DATASET SECTION =>
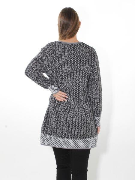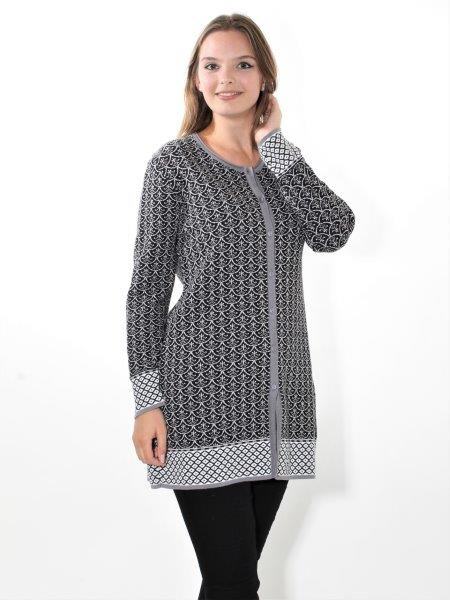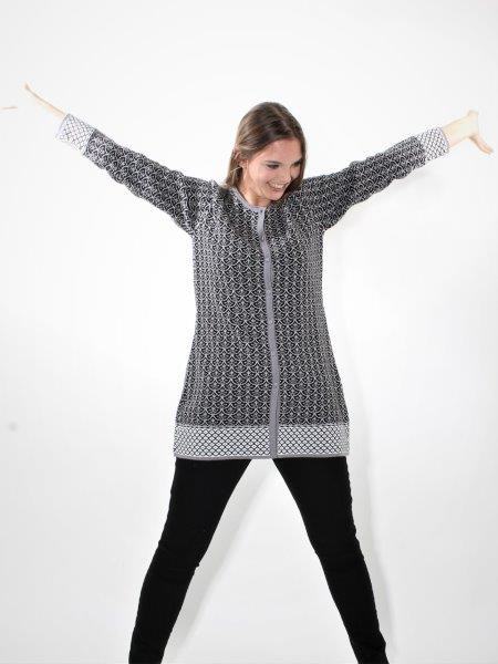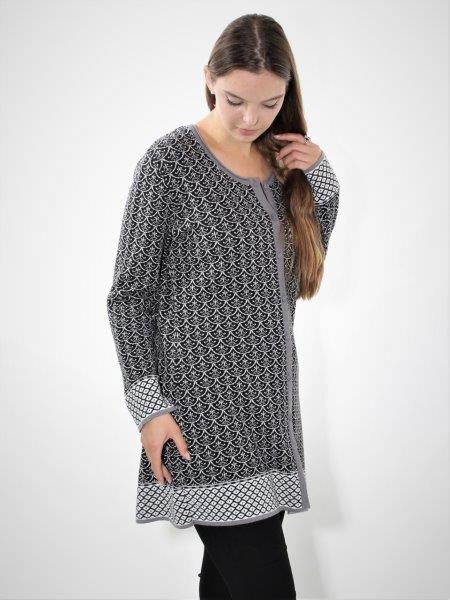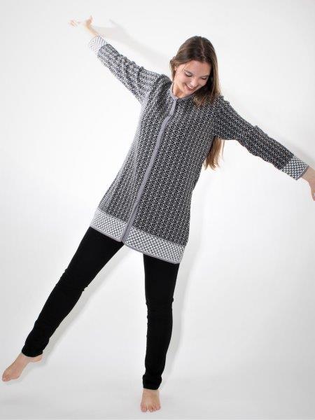 Sie ist in Jacquardmustern gestrickt mit den Farben schwarz, grau, wollweiß.
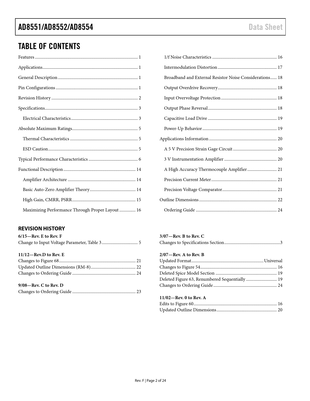 link to page 1 link to page 1 link to page 1 link to page 1 link to page 2 link to page 3 link to page 3 link to page 5 link to page 5 link to page 5 link to page 6 link to page 14 link to page 14 link to page 14 link to page 15 link to page 16 link to page 16 link to page 17 link to page 18 link to page 18 link to page 18 link to page 18 link to page 19 link to page 19 link to page 20 link to page 20 link to page 20 link to page 21 link to page 21 link to page 21 link to page 22 link to page 24 AD8551/AD8552/AD8554Data SheetTABLE OF CONTENTS Features .. 1 1/f Noise Characteristics ... 16 Applications ... 1 Intermodulation Distortion .. 17 General Description ... 1 Broadband and External Resistor Noise Considerations .. 18 Pin Configurations ... 1 Output Overdrive Recovery .. 18 Revision History ... 2 Input Overvoltage Protection ... 18 Specifications ... 3 Output Phase Reversal ... 18 Electrical Characteristics ... 3 Capacitive Load Drive ... 19 Absolute Maximum Ratings .. 5 Power-Up Behavior .. 19 Thermal Characteristics .. 5 Applications Information .. 20 ESD Caution .. 5 A 5 V Precision Strain Gage Circuit .. 20 Typical Performance Characteristics ... 6 3 V Instrumentation Amplifier .. 20 Functional Description .. 14 A High Accuracy Thermocouple Amplifier ... 21 Amplifier Architecture .. 14 Precision Current Meter .. 21 Basic Auto-Zero Amplifier Theory .. 14 Precision Voltage Comparator .. 21 High Gain, CMRR, PSRR .. 15 Outline Dimensions ... 22 Maximizing Performance Through Proper Layout ... 16 Ordering Guide .. 24 REVISION HISTORY6/15—Rev. E to Rev. F3/07—Rev. B to Rev. C Change to Input Voltage Parameter, Table 3 ... 5 Changes to Specifications Section ... 3 11/12—Rev.D to Rev. E2/07—Rev. A to Rev. B Changes to Figure 68 .. 21 Updated Format .. Universal Updated Outline Dimensions (RM-8) ... 22 Changes to Figure 54 .. 16 Changes to Ordering Guide .. 24 Deleted Spice Model Section .. 19 Deleted Figure 63, Renumbered Sequentially .. 19 9/08—Rev. C to Rev. D Changes to Ordering Guide .. 24 Changes to Ordering Guide .. 23 11/02—Rev. 0 to Rev. A Edits to Figure 60 .. 16 Updated Outline Dimensions ... 20 Rev. F | Page 2 of 24 Document Outline FEATURES APPLICATIONS GENERAL DESCRIPTION PIN CONFIGURATIONS TABLE OF CONTENTS REVISION HISTORY SPECIFICATIONS ELECTRICAL CHARACTERISTICS ABSOLUTE MAXIMUM RATINGS THERMAL CHARACTERISTICS ESD CAUTION TYPICAL PERFORMANCE CHARACTERISTICS FUNCTIONAL DESCRIPTION AMPLIFIER ARCHITECTURE BASIC AUTO-ZERO AMPLIFIER THEORY Auto-Zero Phase Amplification Phase HIGH GAIN, CMRR, PSRR MAXIMIZING PERFORMANCE THROUGHPROPER LAYOUT 1/f NOISE CHARACTERISTICS INTERMODULATION DISTORTION BROADBAND AND EXTERNAL RESISTOR NOISE CONSIDERATIONS OUTPUT OVERDRIVE RECOVERY INPUT OVERVOLTAGE PROTECTION OUTPUT PHASE REVERSAL CAPACITIVE LOAD DRIVE POWER-UP BEHAVIOR APPLICATIONS INFORMATION A 5 V PRECISION STRAIN GAGE CIRCUIT 3 V INSTRUMENTATION AMPLIFIER A HIGH ACCURACY THERMOCOUPLE AMPLIFIER PRECISION CURRENT METER PRECISION VOLTAGE COMPARATOR OUTLINE DIMENSIONS ORDERING GUIDE
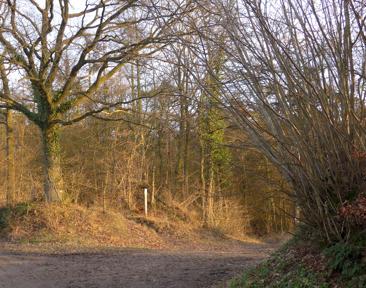 sümen unsen Weg. De Februarsünn schien up enen Woold un
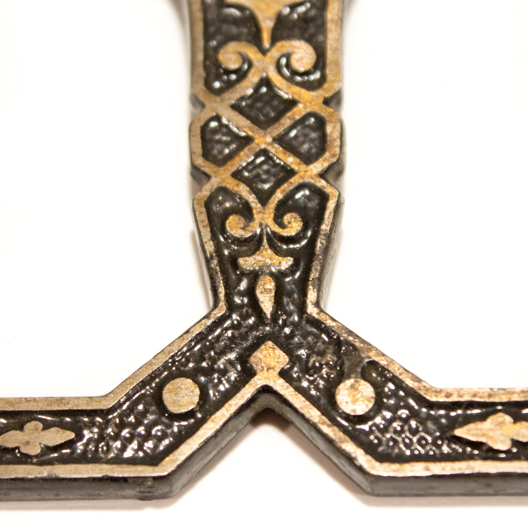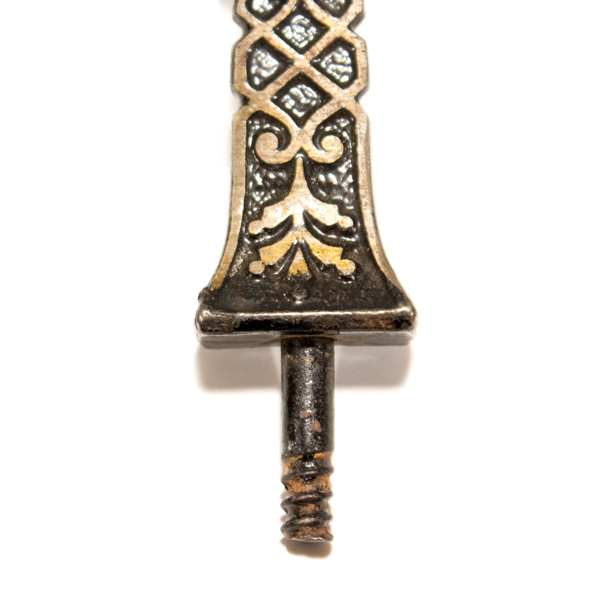 Heavy cast iron wardrobe style Victorian ceiling hook with deep cast surface design. Original black japanning (shiny black) coating mostly intact! Please note the tip of the wood screw has broken off.

ACTION ITEM =>
Copy out the listing above exactly, and keep the pictures out of it.

TASK ANSWER =>
 Sie ist in Jacquardmustern gestrickt mit den Farben schwarz, grau, wollweiß.
 link to page 1 link to page 1 link to page 1 link to page 1 link to page 2 link to page 3 link to page 3 link to page 5 link to page 5 link to page 5 link to page 6 link to page 14 link to page 14 link to page 14 link to page 15 link to page 16 link to page 16 link to page 17 link to page 18 link to page 18 link to page 18 link to page 18 link to page 19 link to page 19 link to page 20 link to page 20 link to page 20 link to page 21 link to page 21 link to page 21 link to page 22 link to page 24 AD8551/AD8552/AD8554Data SheetTABLE OF CONTENTS Features .. 1 1/f Noise Characteristics ... 16 Applications ... 1 Intermodulation Distortion .. 17 General Description ... 1 Broadband and External Resistor Noise Considerations .. 18 Pin Configurations ... 1 Output Overdrive Recovery .. 18 Revision History ... 2 Input Overvoltage Protection ... 18 Specifications ... 3 Output Phase Reversal ... 18 Electrical Characteristics ... 3 Capacitive Load Drive ... 19 Absolute Maximum Ratings .. 5 Power-Up Behavior .. 19 Thermal Characteristics .. 5 Applications Information .. 20 ESD Caution .. 5 A 5 V Precision Strain Gage Circuit .. 20 Typical Performance Characteristics ... 6 3 V Instrumentation Amplifier .. 20 Functional Description .. 14 A High Accuracy Thermocouple Amplifier ... 21 Amplifier Architecture .. 14 Precision Current Meter .. 21 Basic Auto-Zero Amplifier Theory .. 14 Precision Voltage Comparator .. 21 High Gain, CMRR, PSRR .. 15 Outline Dimensions ... 22 Maximizing Performance Through Proper Layout ... 16 Ordering Guide .. 24 REVISION HISTORY6/15—Rev. E to Rev. F3/07—Rev. B to Rev. C Change to Input Voltage Parameter, Table 3 ... 5 Changes to Specifications Section ... 3 11/12—Rev.D to Rev. E2/07—Rev. A to Rev. B Changes to Figure 68 .. 21 Updated Format .. Universal Updated Outline Dimensions (RM-8) ... 22 Changes to Figure 54 .. 16 Changes to Ordering Guide .. 24 Deleted Spice Model Section .. 19 Deleted Figure 63, Renumbered Sequentially .. 19 9/08—Rev. C to Rev. D Changes to Ordering Guide .. 24 Changes to Ordering Guide .. 23 11/02—Rev. 0 to Rev. A Edits to Figure 60 .. 16 Updated Outline Dimensions ... 20 Rev. F | Page 2 of 24 Document Outline FEATURES APPLICATIONS GENERAL DESCRIPTION PIN CONFIGURATIONS TABLE OF CONTENTS REVISION HISTORY SPECIFICATIONS ELECTRICAL CHARACTERISTICS ABSOLUTE MAXIMUM RATINGS THERMAL CHARACTERISTICS ESD CAUTION TYPICAL PERFORMANCE CHARACTERISTICS FUNCTIONAL DESCRIPTION AMPLIFIER ARCHITECTURE BASIC AUTO-ZERO AMPLIFIER THEORY Auto-Zero Phase Amplification Phase HIGH GAIN, CMRR, PSRR MAXIMIZING PERFORMANCE THROUGHPROPER LAYOUT 1/f NOISE CHARACTERISTICS INTERMODULATION DISTORTION BROADBAND AND EXTERNAL RESISTOR NOISE CONSIDERATIONS OUTPUT OVERDRIVE RECOVERY INPUT OVERVOLTAGE PROTECTION OUTPUT PHASE REVERSAL CAPACITIVE LOAD DRIVE POWER-UP BEHAVIOR APPLICATIONS INFORMATION A 5 V PRECISION STRAIN GAGE CIRCUIT 3 V INSTRUMENTATION AMPLIFIER A HIGH ACCURACY THERMOCOUPLE AMPLIFIER PRECISION CURRENT METER PRECISION VOLTAGE COMPARATOR OUTLINE DIMENSIONS ORDERING GUIDE
 sümen unsen Weg. De Februarsünn schien up enen Woold un
 Heavy cast iron wardrobe style Victorian ceiling hook with deep cast surface design. Original black japanning (shiny black) coating mostly intact! Please note the tip of the wood screw has broken off.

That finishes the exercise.